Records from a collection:
○ ○ ○ ○
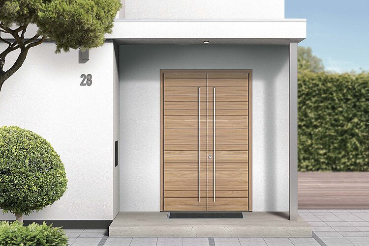 Para puertas principales de doble hoja de madera y PVC / Compatible con todos los sistemas de cierre de la gama Roto Safe con enganches habituales / Apto para RC 2 y certificación SKG** / Alta seguridad de funcionamiento / Fabricación económica
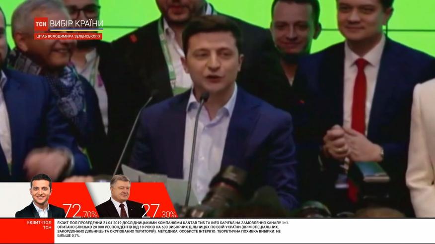 Кандидат у президенти Володимир Зеленський виступив у Facebook із першою промовою після оприлюднення результатів екзит-полів. Він подякував батькам, дружині та "Кварталу 95".
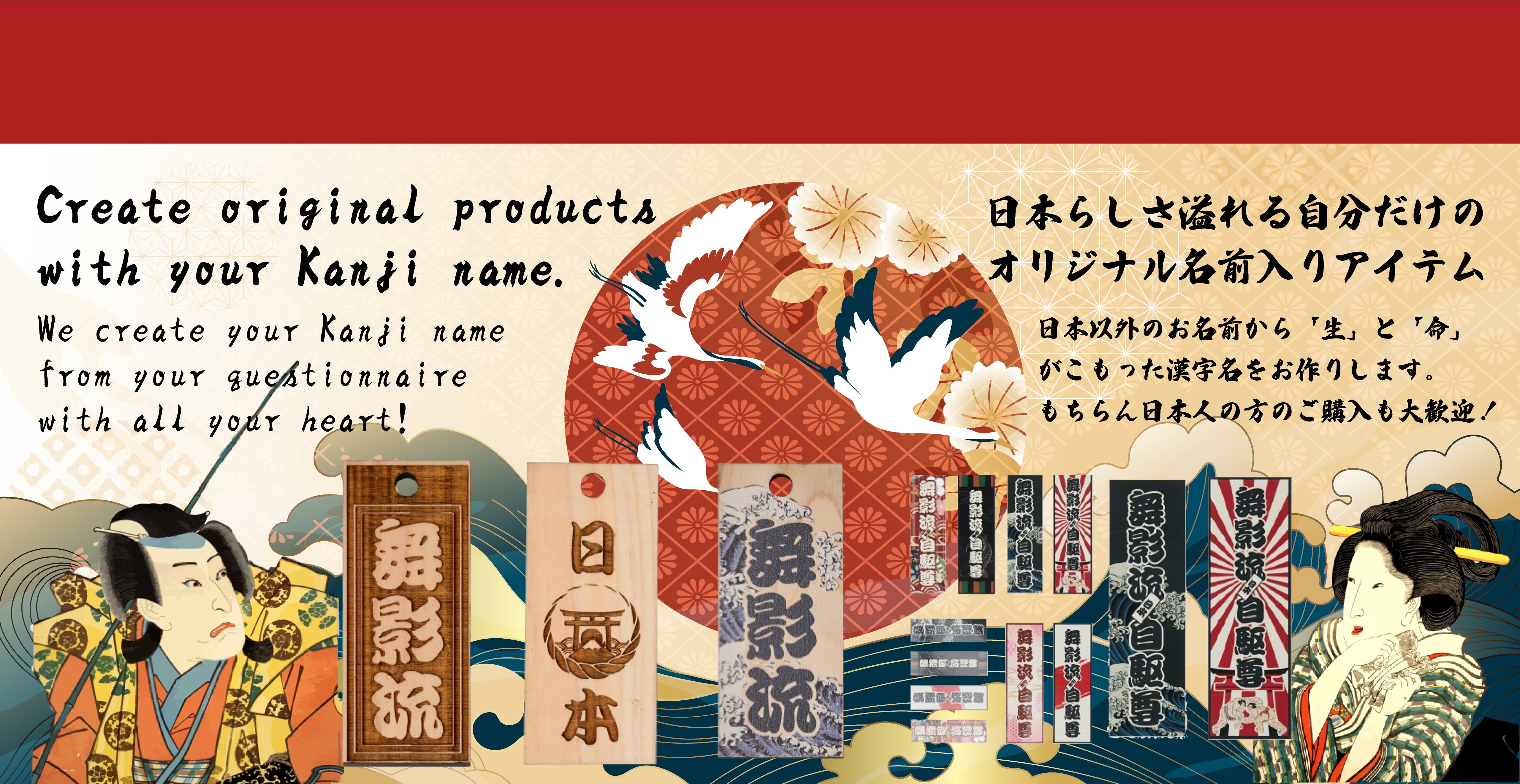 Create a Kanji name and make your own traditional Japanese original named products.
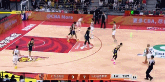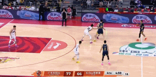 下半场易边再战,杜锋先发少杰洪泽文逸,奎因萨姆纳带队,继续提速,身背3犯的萨姆纳开局里突外投连得5分,奎因助攻王少杰暴扣吃饼,广东3分钟7-2,将分差扩大到23分!
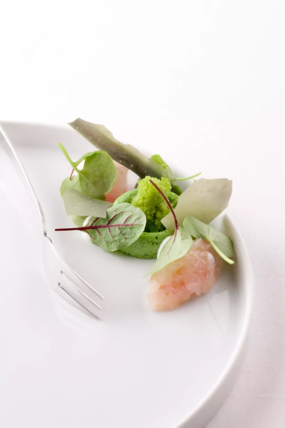 Gemarineerde zeebaars met zuring, spinazie en limoen brengt een frisse, lichtzure smaak en een verfijnde uitstraling, ideaal voor lente en zomer. De bereiding combineert marineren van de vis met gezeefde sappen van appel en kruiden, een romige mousse van avocado en appel en een luchtige limoencrème die kort in de diepvries wordt gezet. Serveer als elegant koud voorgerecht bij een droge blanc de blancs.
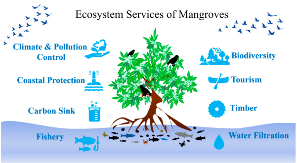 Mangroves are incredibly productive and diverse ecosystems that can be found all over the world in coastal wetlands. These plants have amazing adaptations that help them survive in challenging environments, and they provide a wide range of benefits to local communities. Ecosystem services are like the perks we get from nature, showing just how valuable natural resources are for our well-being and sustainability. According to the Millennium Ecosystem Assessment (MEA), these services can be divided into four categories: things like food resources, climate regulation, cultural activities such as tourism and recreation, and the support they provide to various habitats. The MEA aimed to provide decision-makers and the general public with scientific data on how global change impacts ecosystems and, in turn, how that affects us. Mangrove forests offer numerous ecosystem services that benefit both local communities and the global environment (Figure 1). So, here are some really cool examples of what mangrove ecosystems can do:
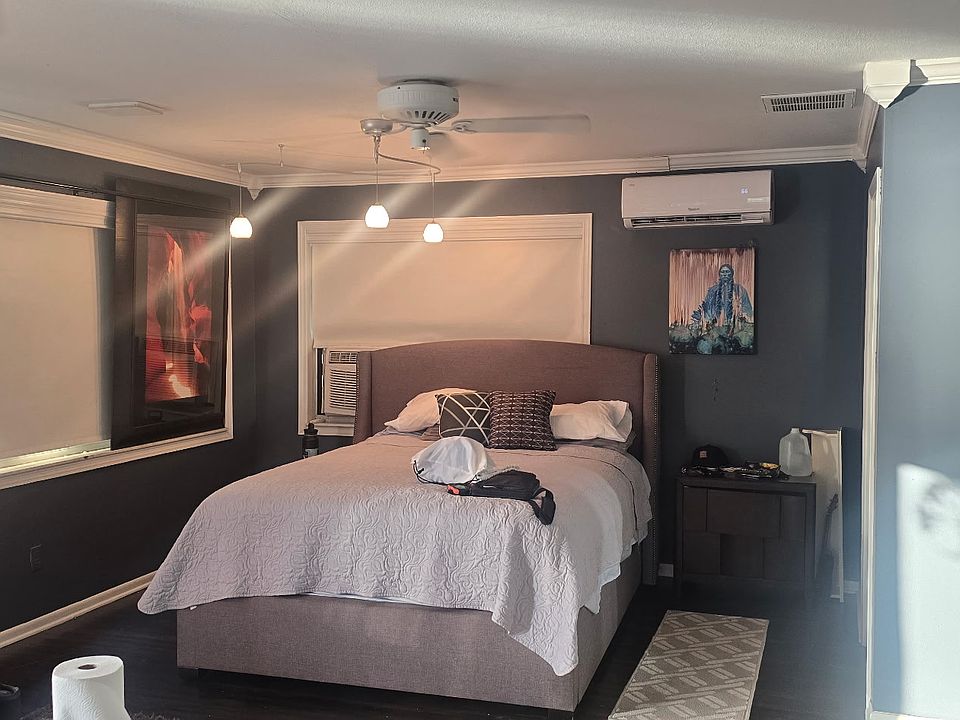 Washer dryer on property, all utilities paid by the homeowner. Smart TV in the bedroom with streaming services Wi-Fi included. Mini fridge hot plate and microwave inclusive as well. Storage available and off street parking.
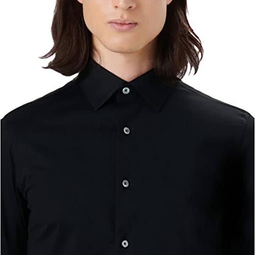 • Get the job done in style. The shirt's sleek point collar, full button French placket, adjustable notched cuffs, and curved hemline exude sophistication, while its ability to look great unbuttoned or with a necktie offers endless styling options
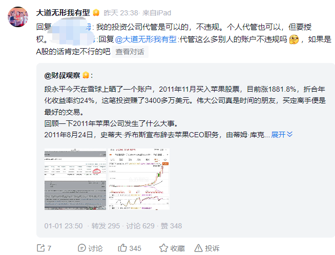 作为个人,不少股民质疑:替别人管理账户是否违规,是否是无照驾驶?段永平也进行了回应:我的投资管理代管是可以的,不违规;个人代管也可以,但要授权。
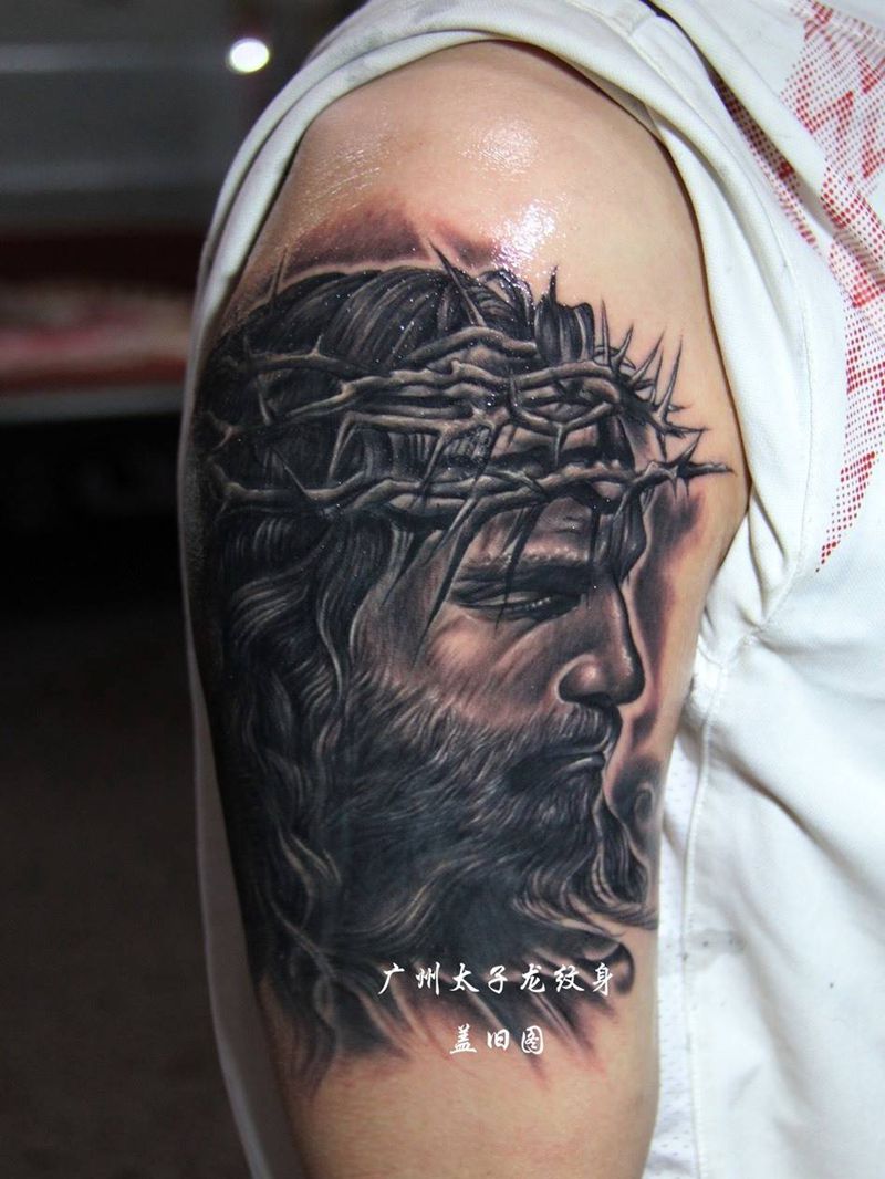 当前位置: 首页 >广东省广州市纹身店-广州纹身太子龙纹身纹身图案>耶稣纹身。纹身图片_成品手臂手部欧美肖像写实原创纹身图案
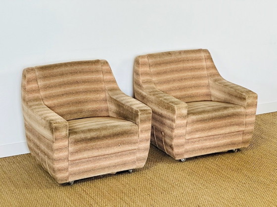 Le poltrone sono rivestite nell'originale tessuto a righe orizzontali nei toni del beige e del marrone, che conferisce una bella texture e un autentico fascino retrò.
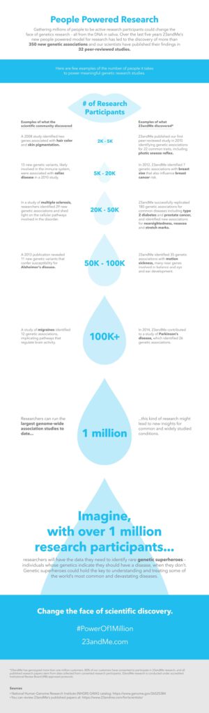 The power of one million is a new milestone for us. However, the power of one is just as important. One person’s contribution to research at 23andMe informs over 230 genetic studies.
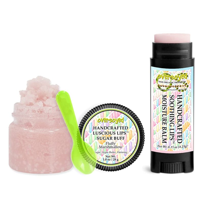 Fluffy Marshmallow Soothing & Luscious Lips by OverSoyed Exfoliator & Chapped Lip Repair Lip Care Combo | Artisan Handcrafted to Order Fluffy Marshmallow Creamy Caramel Sweet Flavored Exfoliating Sugar Lip Scrub & Lip Moisturizer Balm Gift Set
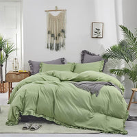 CLOTHKNOW Green Ruffles Full Size Comforter Sets Farmhouse Bedding Comforter Sets Soft Shabby Chic Comforter with 2 x Pillow Cases
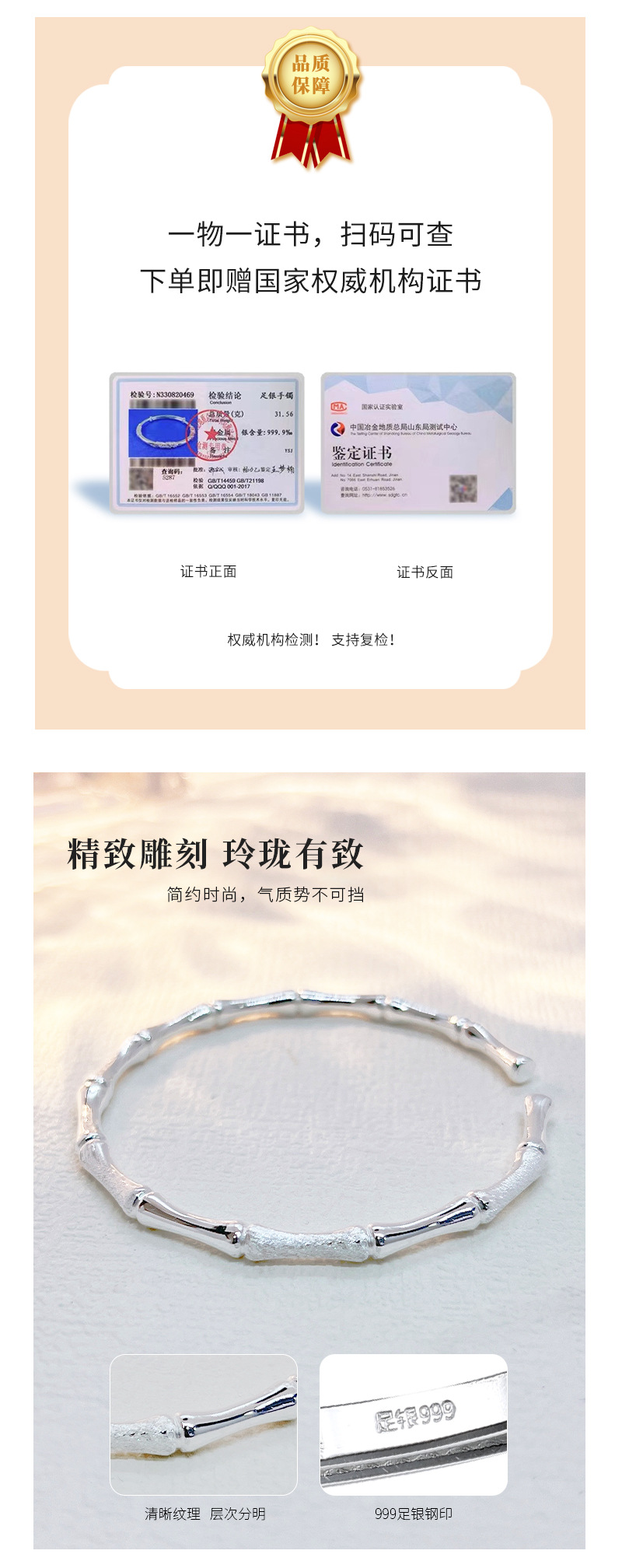 一光一沙竹節足銀9999純銀ブレスレット女性中実シンプルブレスレット高級感小衆手環プレゼント
○ ○ ○ ○
** WHAT IS EXPECTED **
Leave the pictures out and output all of the data verbatim.

** TASK OUTPUT **
 Para puertas principales de doble hoja de madera y PVC / Compatible con todos los sistemas de cierre de la gama Roto Safe con enganches habituales / Apto para RC 2 y certificación SKG** / Alta seguridad de funcionamiento / Fabricación económica
 Кандидат у президенти Володимир Зеленський виступив у Facebook із першою промовою після оприлюднення результатів екзит-полів. Він подякував батькам, дружині та "Кварталу 95".
 Create a Kanji name and make your own traditional Japanese original named products.
 下半场易边再战,杜锋先发少杰洪泽文逸,奎因萨姆纳带队,继续提速,身背3犯的萨姆纳开局里突外投连得5分,奎因助攻王少杰暴扣吃饼,广东3分钟7-2,将分差扩大到23分!
 Gemarineerde zeebaars met zuring, spinazie en limoen brengt een frisse, lichtzure smaak en een verfijnde uitstraling, ideaal voor lente en zomer. De bereiding combineert marineren van de vis met gezeefde sappen van appel en kruiden, een romige mousse van avocado en appel en een luchtige limoencrème die kort in de diepvries wordt gezet. Serveer als elegant koud voorgerecht bij een droge blanc de blancs.
 Mangroves are incredibly productive and diverse ecosystems that can be found all over the world in coastal wetlands. These plants have amazing adaptations that help them survive in challenging environments, and they provide a wide range of benefits to local communities. Ecosystem services are like the perks we get from nature, showing just how valuable natural resources are for our well-being and sustainability. According to the Millennium Ecosystem Assessment (MEA), these services can be divided into four categories: things like food resources, climate regulation, cultural activities such as tourism and recreation, and the support they provide to various habitats. The MEA aimed to provide decision-makers and the general public with scientific data on how global change impacts ecosystems and, in turn, how that affects us. Mangrove forests offer numerous ecosystem services that benefit both local communities and the global environment (Figure 1). So, here are some really cool examples of what mangrove ecosystems can do:
 Washer dryer on property, all utilities paid by the homeowner. Smart TV in the bedroom with streaming services Wi-Fi included. Mini fridge hot plate and microwave inclusive as well. Storage available and off street parking.
 • Get the job done in style. The shirt's sleek point collar, full button French placket, adjustable notched cuffs, and curved hemline exude sophistication, while its ability to look great unbuttoned or with a necktie offers endless styling options
 作为个人,不少股民质疑:替别人管理账户是否违规,是否是无照驾驶?段永平也进行了回应:我的投资管理代管是可以的,不违规;个人代管也可以,但要授权。
 当前位置: 首页 >广东省广州市纹身店-广州纹身太子龙纹身纹身图案>耶稣纹身。纹身图片_成品手臂手部欧美肖像写实原创纹身图案
 Le poltrone sono rivestite nell'originale tessuto a righe orizzontali nei toni del beige e del marrone, che conferisce una bella texture e un autentico fascino retrò.
 The power of one million is a new milestone for us. However, the power of one is just as important. One person’s contribution to research at 23andMe informs over 230 genetic studies.
 Fluffy Marshmallow Soothing & Luscious Lips by OverSoyed Exfoliator & Chapped Lip Repair Lip Care Combo | Artisan Handcrafted to Order Fluffy Marshmallow Creamy Caramel Sweet Flavored Exfoliating Sugar Lip Scrub & Lip Moisturizer Balm Gift Set
 CLOTHKNOW Green Ruffles Full Size Comforter Sets Farmhouse Bedding Comforter Sets Soft Shabby Chic Comforter with 2 x Pillow Cases
 一光一沙竹節足銀9999純銀ブレスレット女性中実シンプルブレスレット高級感小衆手環プレゼント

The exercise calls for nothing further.